**YOUR OBJECTIVE**: Copy out exactly, from the entries that follow, the line holding "5月29日,在岫巖縣中醫藥文化夜市現場,醫生為市民義診。", the line holding "Astroloji dünyasında günlük", and all lines between them, but no pictures.

**DATA TO EXAMINE**:
-------
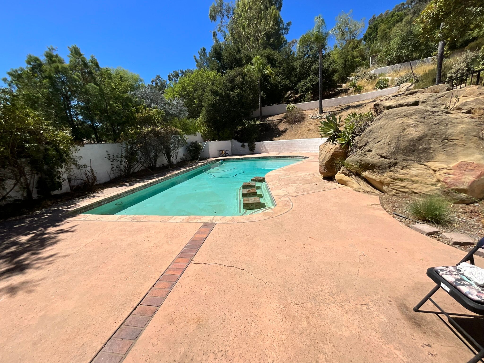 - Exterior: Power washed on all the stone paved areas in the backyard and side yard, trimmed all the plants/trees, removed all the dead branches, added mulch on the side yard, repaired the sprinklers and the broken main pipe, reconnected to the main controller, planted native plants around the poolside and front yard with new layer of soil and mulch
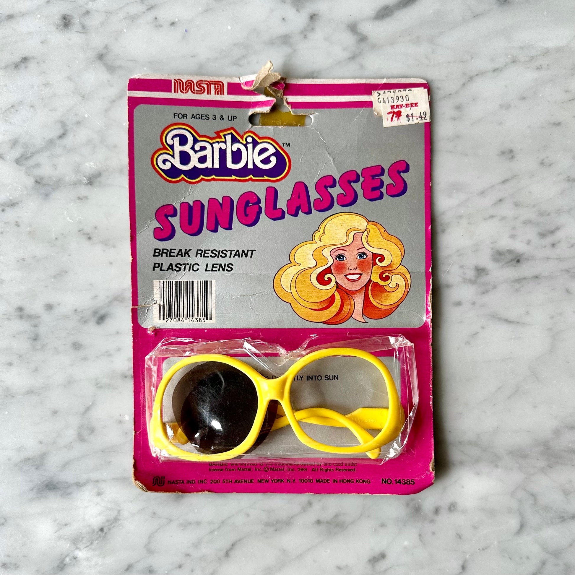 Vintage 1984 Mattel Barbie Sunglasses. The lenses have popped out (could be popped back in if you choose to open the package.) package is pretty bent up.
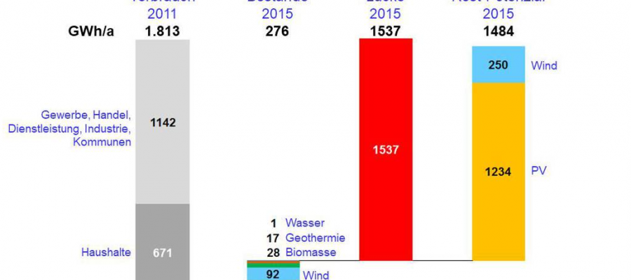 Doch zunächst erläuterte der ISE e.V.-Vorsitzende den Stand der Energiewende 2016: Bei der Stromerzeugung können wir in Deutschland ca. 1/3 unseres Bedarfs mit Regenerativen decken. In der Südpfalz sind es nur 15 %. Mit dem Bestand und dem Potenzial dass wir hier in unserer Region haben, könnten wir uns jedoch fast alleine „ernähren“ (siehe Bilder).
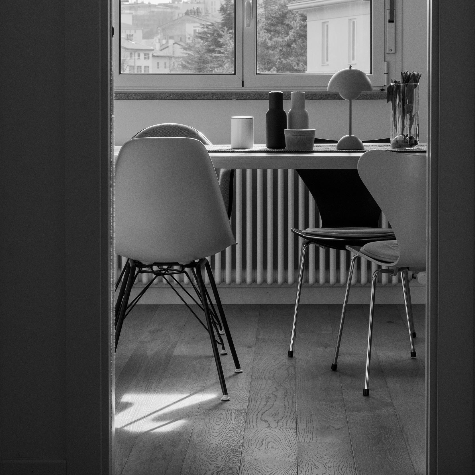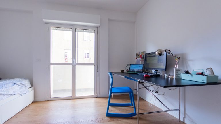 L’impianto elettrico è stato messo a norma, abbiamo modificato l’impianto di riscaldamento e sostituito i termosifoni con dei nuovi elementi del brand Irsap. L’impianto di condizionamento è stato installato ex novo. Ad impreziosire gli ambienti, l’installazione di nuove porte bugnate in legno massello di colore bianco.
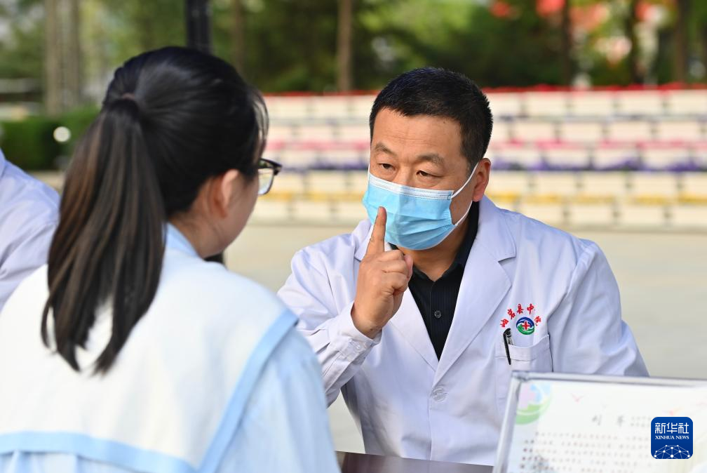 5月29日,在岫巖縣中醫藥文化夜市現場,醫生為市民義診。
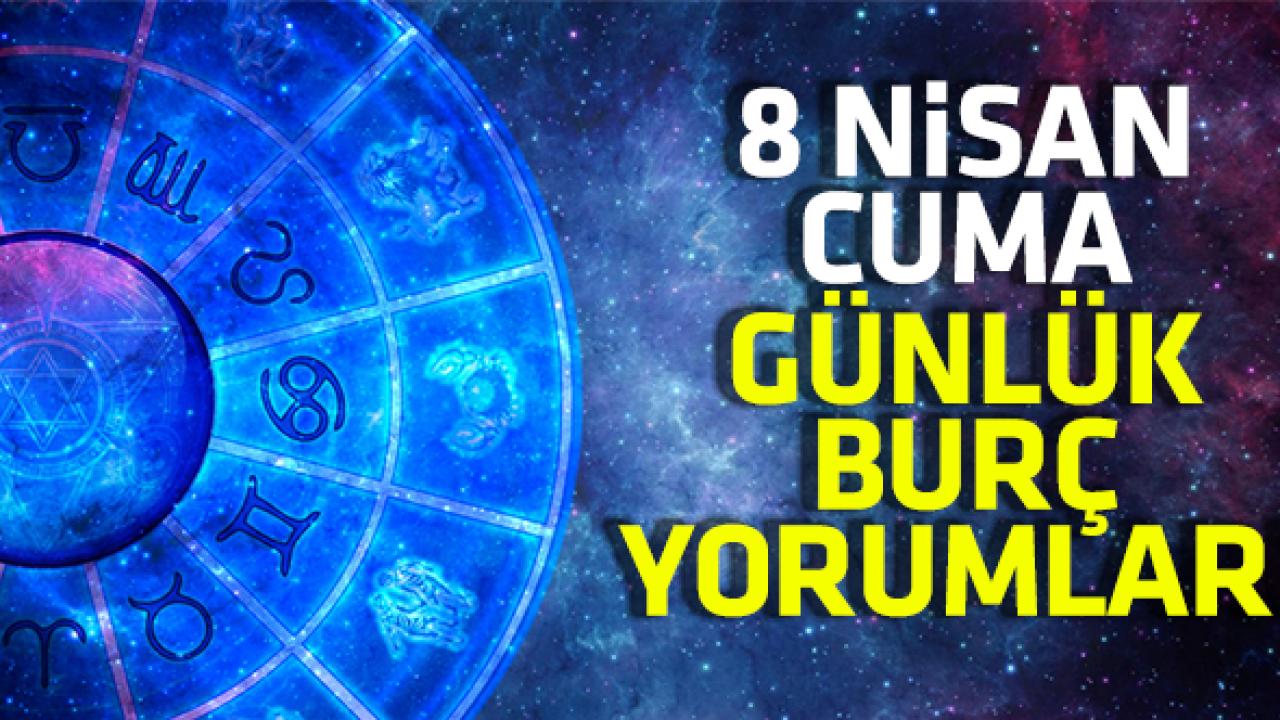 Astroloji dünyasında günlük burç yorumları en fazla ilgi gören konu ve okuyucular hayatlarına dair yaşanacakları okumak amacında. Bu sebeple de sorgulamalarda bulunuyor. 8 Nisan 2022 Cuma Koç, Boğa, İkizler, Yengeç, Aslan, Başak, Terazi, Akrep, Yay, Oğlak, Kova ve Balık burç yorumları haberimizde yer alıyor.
-------
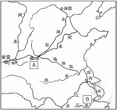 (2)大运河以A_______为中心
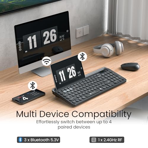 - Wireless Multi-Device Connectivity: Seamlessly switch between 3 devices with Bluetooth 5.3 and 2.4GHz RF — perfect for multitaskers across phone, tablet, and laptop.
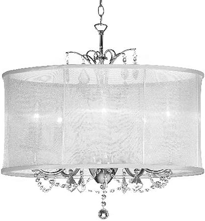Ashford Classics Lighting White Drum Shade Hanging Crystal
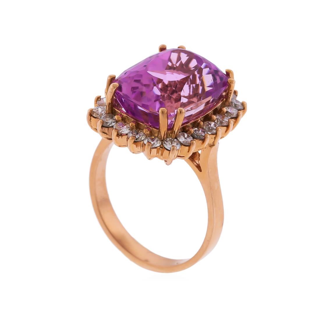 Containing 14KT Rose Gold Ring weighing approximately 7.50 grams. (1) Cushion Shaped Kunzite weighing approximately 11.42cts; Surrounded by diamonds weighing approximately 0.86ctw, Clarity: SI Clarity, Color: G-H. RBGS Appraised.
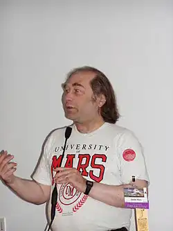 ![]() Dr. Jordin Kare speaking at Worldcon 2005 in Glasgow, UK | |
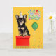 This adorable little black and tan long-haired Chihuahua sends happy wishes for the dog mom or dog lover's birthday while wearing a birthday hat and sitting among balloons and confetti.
-------
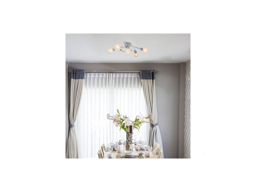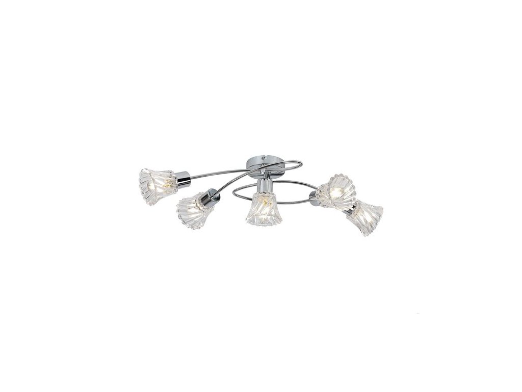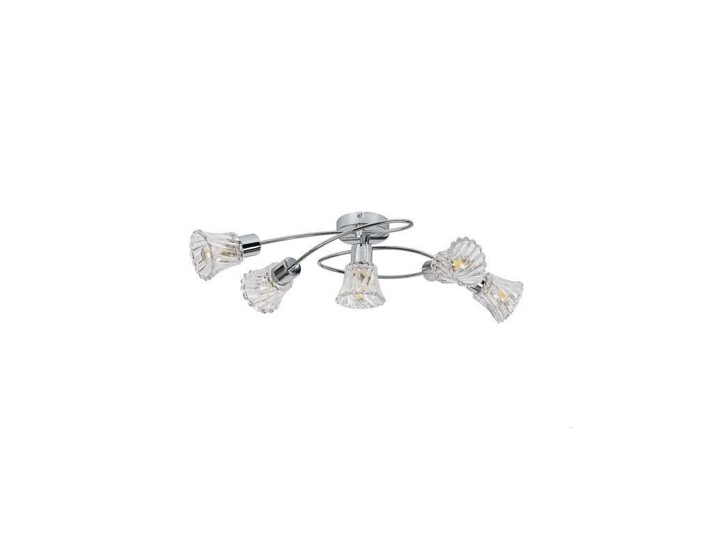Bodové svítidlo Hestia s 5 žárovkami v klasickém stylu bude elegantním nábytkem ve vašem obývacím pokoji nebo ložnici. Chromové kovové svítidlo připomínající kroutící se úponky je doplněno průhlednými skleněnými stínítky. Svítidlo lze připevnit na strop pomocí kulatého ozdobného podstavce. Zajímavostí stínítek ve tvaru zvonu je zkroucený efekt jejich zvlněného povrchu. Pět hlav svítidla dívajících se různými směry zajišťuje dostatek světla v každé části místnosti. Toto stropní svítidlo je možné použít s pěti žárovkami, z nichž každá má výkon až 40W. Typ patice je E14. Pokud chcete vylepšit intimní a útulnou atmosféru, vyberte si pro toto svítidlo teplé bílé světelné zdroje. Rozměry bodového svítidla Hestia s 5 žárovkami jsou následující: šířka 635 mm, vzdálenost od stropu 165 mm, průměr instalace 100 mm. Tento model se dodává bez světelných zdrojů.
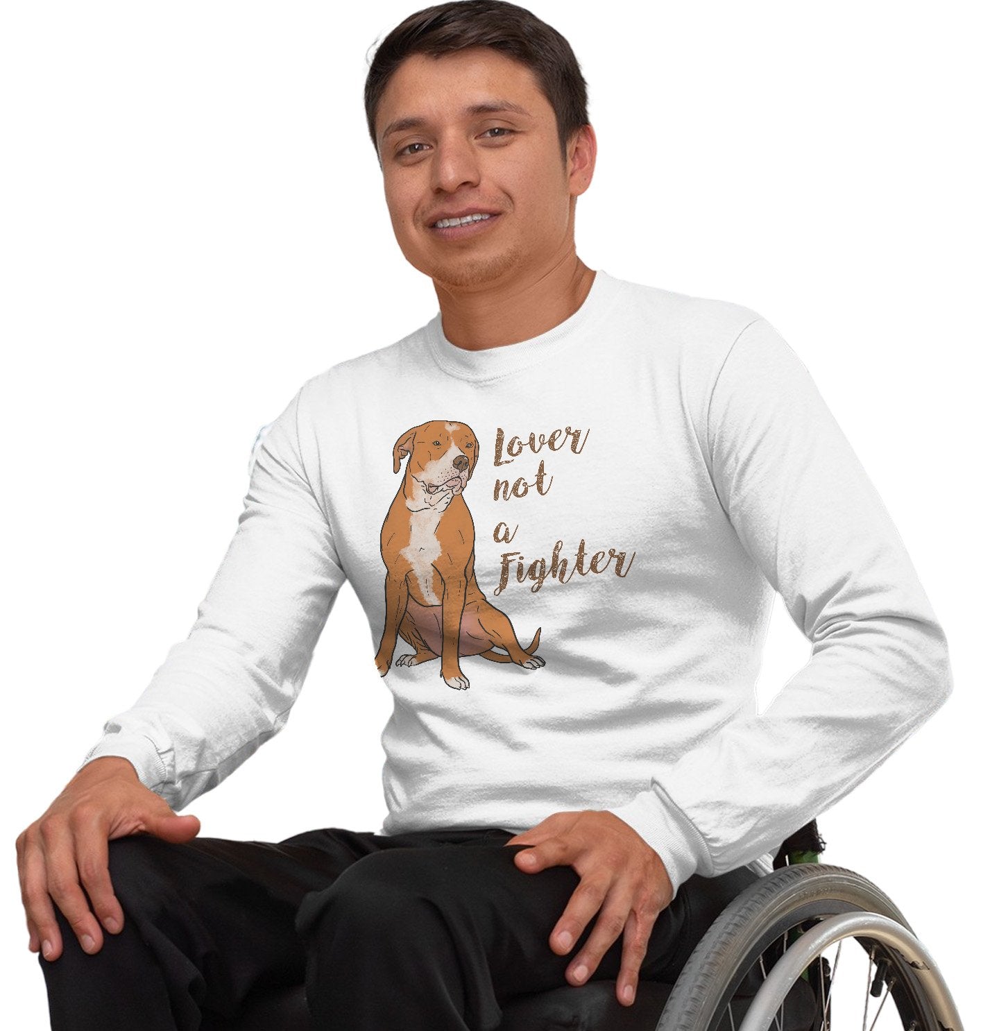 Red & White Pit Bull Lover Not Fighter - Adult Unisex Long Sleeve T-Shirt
-------
**OUTPUT OF THE EXERCISE**:
 5月29日,在岫巖縣中醫藥文化夜市現場,醫生為市民義診。
 Astroloji dünyasında günlük burç yorumları en fazla ilgi gören konu ve okuyucular hayatlarına dair yaşanacakları okumak amacında. Bu sebeple de sorgulamalarda bulunuyor. 8 Nisan 2022 Cuma Koç, Boğa, İkizler, Yengeç, Aslan, Başak, Terazi, Akrep, Yay, Oğlak, Kova ve Balık burç yorumları haberimizde yer alıyor.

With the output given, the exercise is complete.